In 2014, Monmouth Medical Center (in Long Branch) merged with Kimball Medical Center (in Lakewood), renaming it Monmouth Medical Center Southern Campus.

==Vogel Medical Campus==
Ground was broken in June 2023 for the Vogel Medical Campus at Tinton Falls, a five-story, 150,000-square-foot center that's expected to open in 2025.

== Education ==
In 1945, Monmouth established its first residency program – in orthopedics – to meet the needs of physicians returning from World War II trained in treating battlefield trauma.

Half of the residents enter practice after graduation, while the others enter competitive fellowships in the United States. Today Monmouth has 110 residents in nine accredited residency programs.

=== Monmouth University Medical Scholars ===
This program allows incoming freshmen of Monmouth University to enroll in a track directly tailored toward medical school. Students are pre-selected, enter a rigorous pre-medical, undergraduate course of study and are guided by special advisors and preceptors at Monmouth Medical Center. If successfully completing the program with desired GPA and MCAT scores, they are ensured acceptance at Drexel University College of Medicine.

== List of residency programs at the hospital ==
- Dental medicine residency
- Diagnostic radiology residency
- General surgery residency
- Internal medicine residency
- Obstetrics and gynecology residency
- Orthopedic surgery residency
- Pathology residency
- Pediatric medicine residency
- Podiatric medicine residency
- Pharmacy residency

== The campus ==
Monmouth Medical Center covers 21 acre in Long Branch. The hospital's main building comprises 16 wings that occupy a total of 735000 sqft, in addition to 16 other buildings totaling 185100 sqft. These include apartments for resident physicians, a privately operated day care center, a Ronald McDonald House, and professional and educational buildings.

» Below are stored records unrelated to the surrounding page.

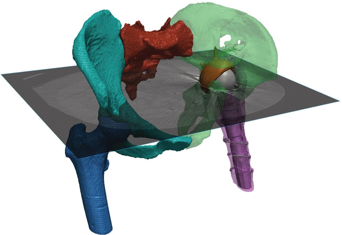 Revision surgeries are much more complex than the primary surgeries and as a result, planning these surgeries requires a detailed understanding of an individual subject’s anatomy and how it interacts with an implant. To model the latter, 3D imaging such as computed tomography (CT) can be used to create a realistic representation of anatomical structures.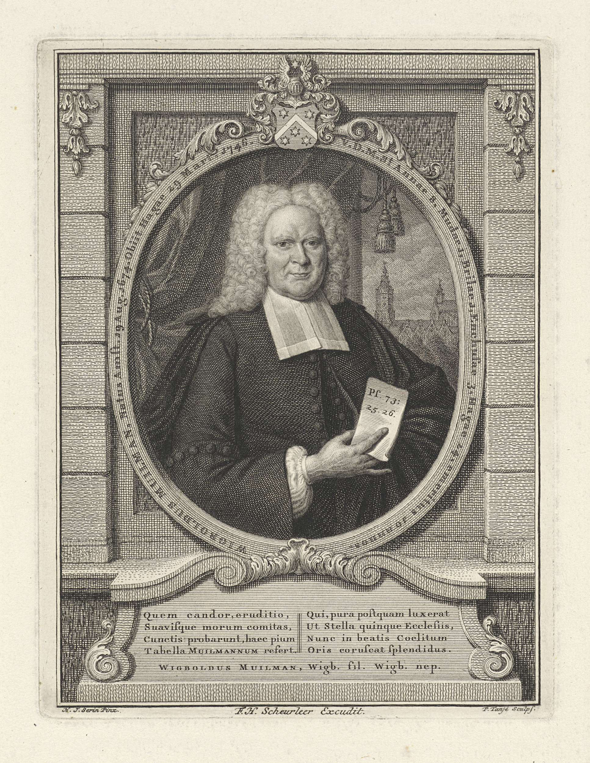 Portret van Wigbold Muilman, predikant Den Haag, in een ornamentele lijst. Midden boven zijn wapenschild.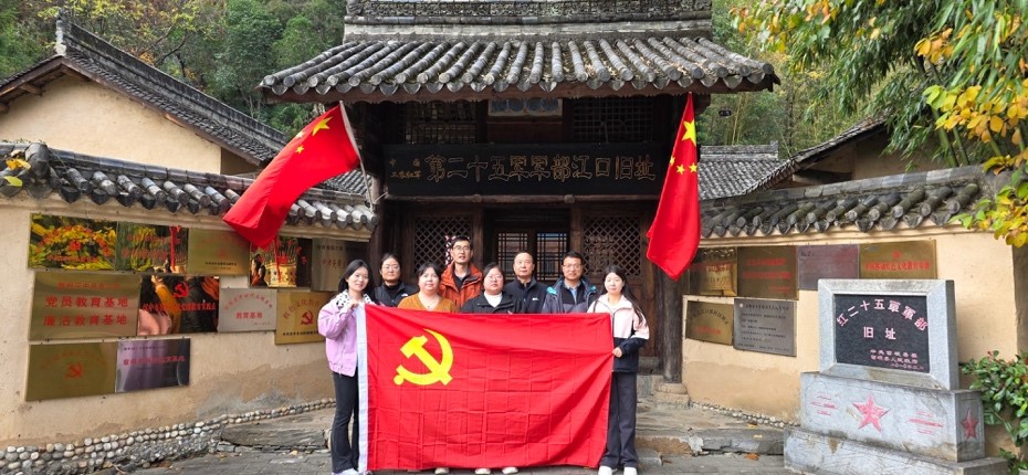 考察期间,团队成立了临时党小组开展组织生活,团队专程前往中国工农红军第二十五军军部江口旧址参观学习。通过实地瞻仰革命遗址、重温红色历史,全体成员深刻领悟到革命先辈艰苦奋斗的精神,进一步坚定了“把论文写在祖国大地上”的科研信念。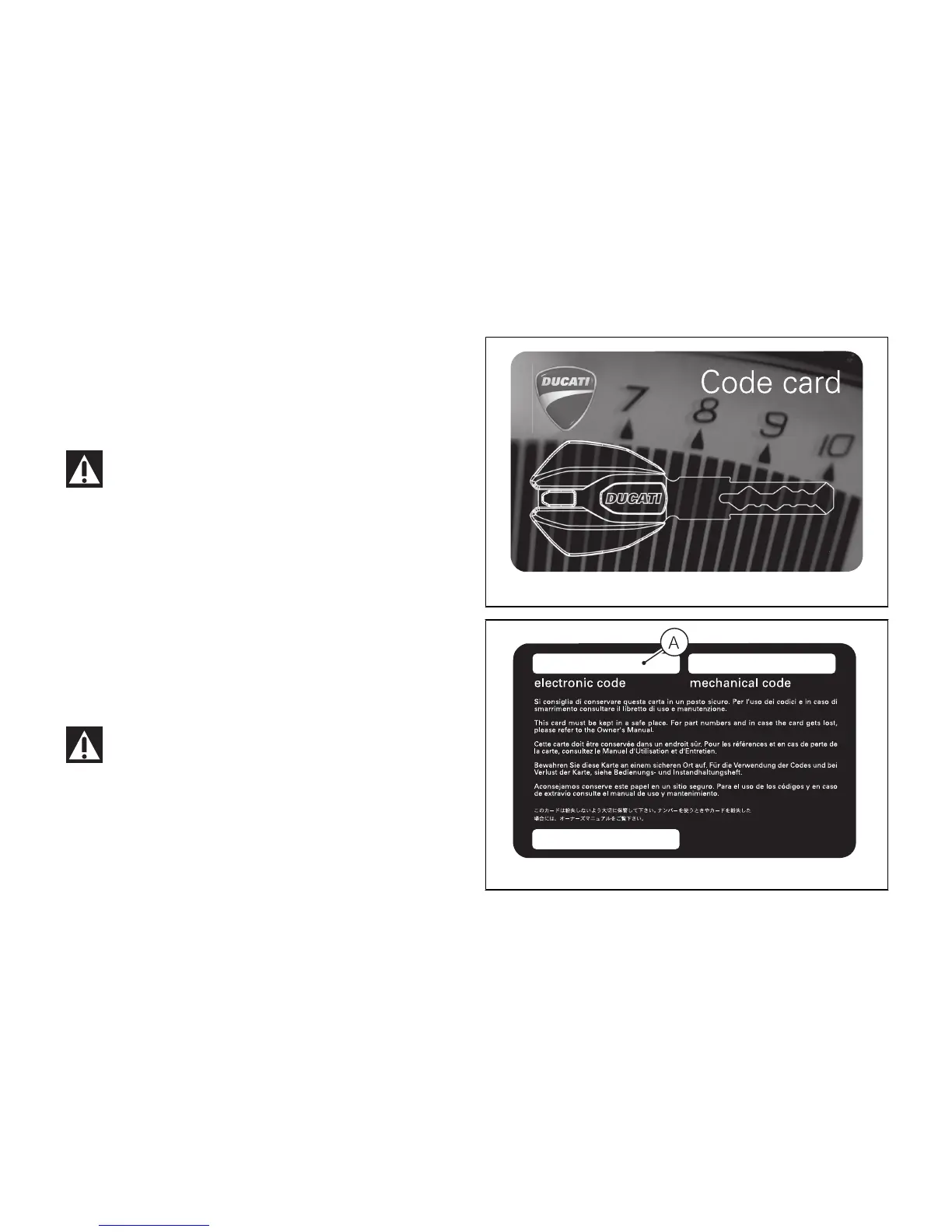 One CODE CARD supplied with the keys indicates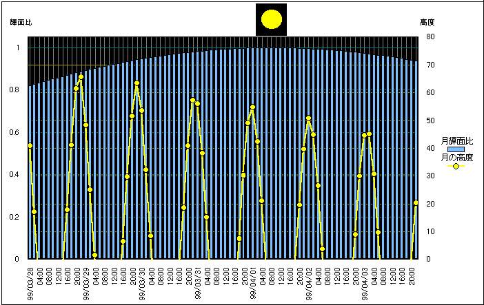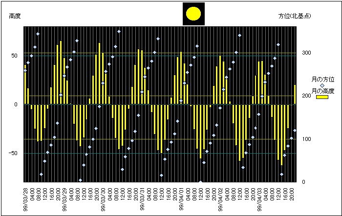 ![]() | 任意日時で月齢や月と太陽の位置や距離を算出します。 | |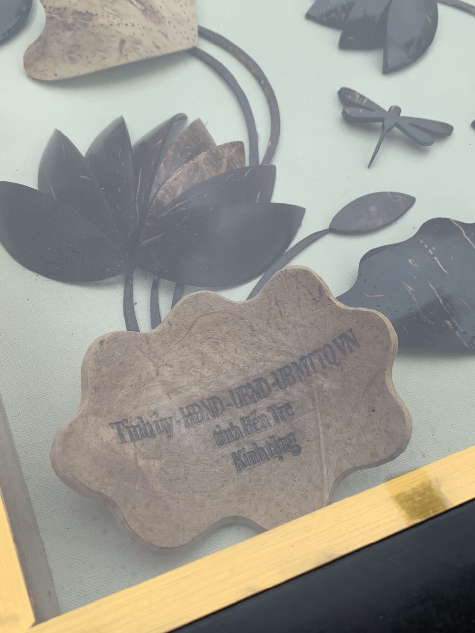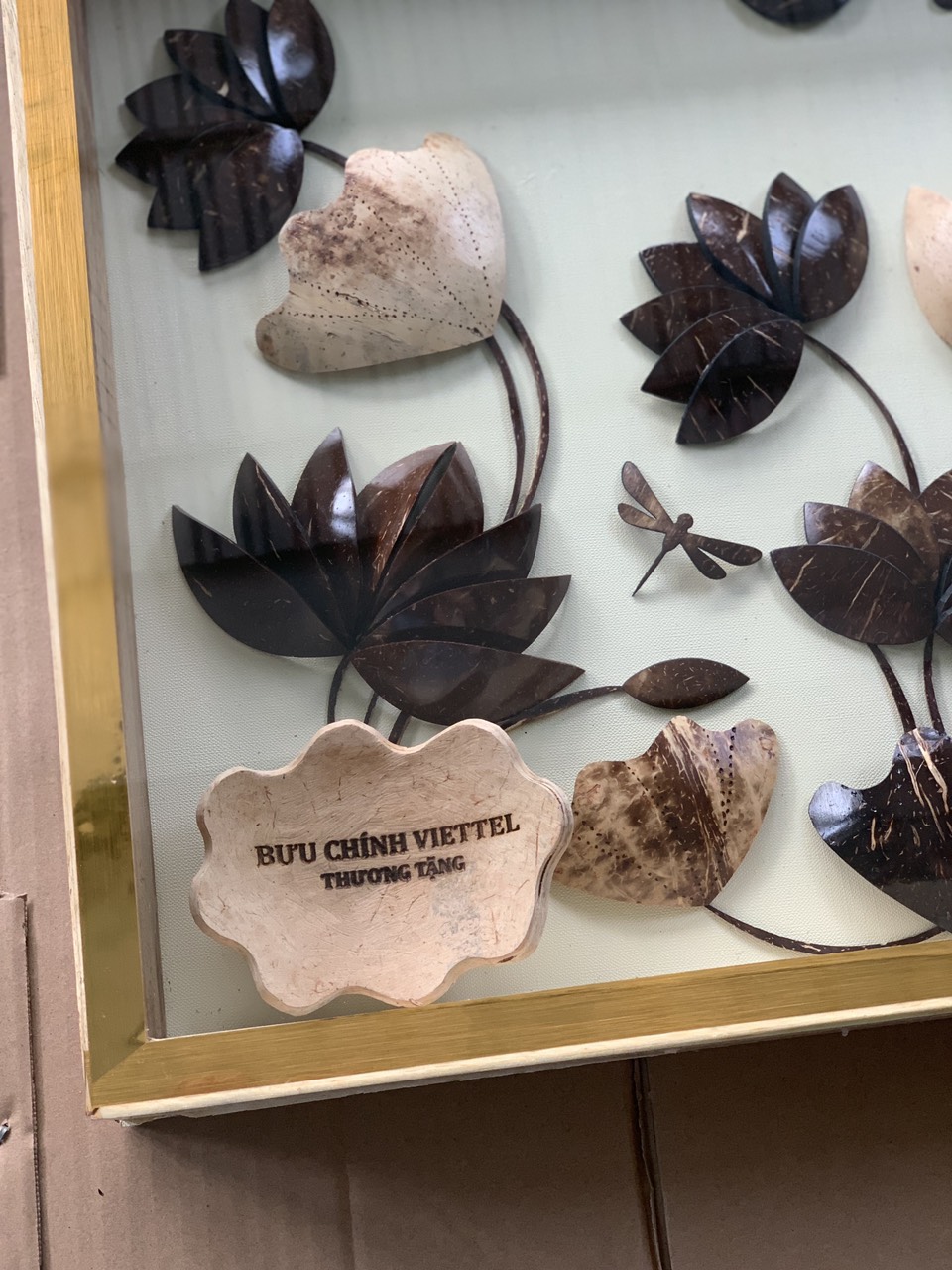 Nguyên liệu chính của Tranh Hộp Kiếng - Hoa Sen là gáo dừa nên rất gần gũi với thiên nhiên và có thể bảo vệ môi trường.

=== The Altschul Medical Library ===
Located within the hospital, this collection serves as the major information resource for the faculty, student residents, and staff of Monmouth Medical Center.

The library houses 4000 monographs, 7000 reels of microfilm, 2000 bound volumes, and subscriptions to 300 journals.

The Library is a member of the Central Jersey Regional Library Cooperative and National Network of Libraries of Medicine. It participates in the National Library of Medicine Docline and has interlibrary loan arrangements with more than 100 hospitals and universities throughout New Jersey.

== Monmouth Medical Center Foundation ==
This organization, started in 1982, is a volunteer group that fundraises through various functions to help provide charitable care to the community it serves.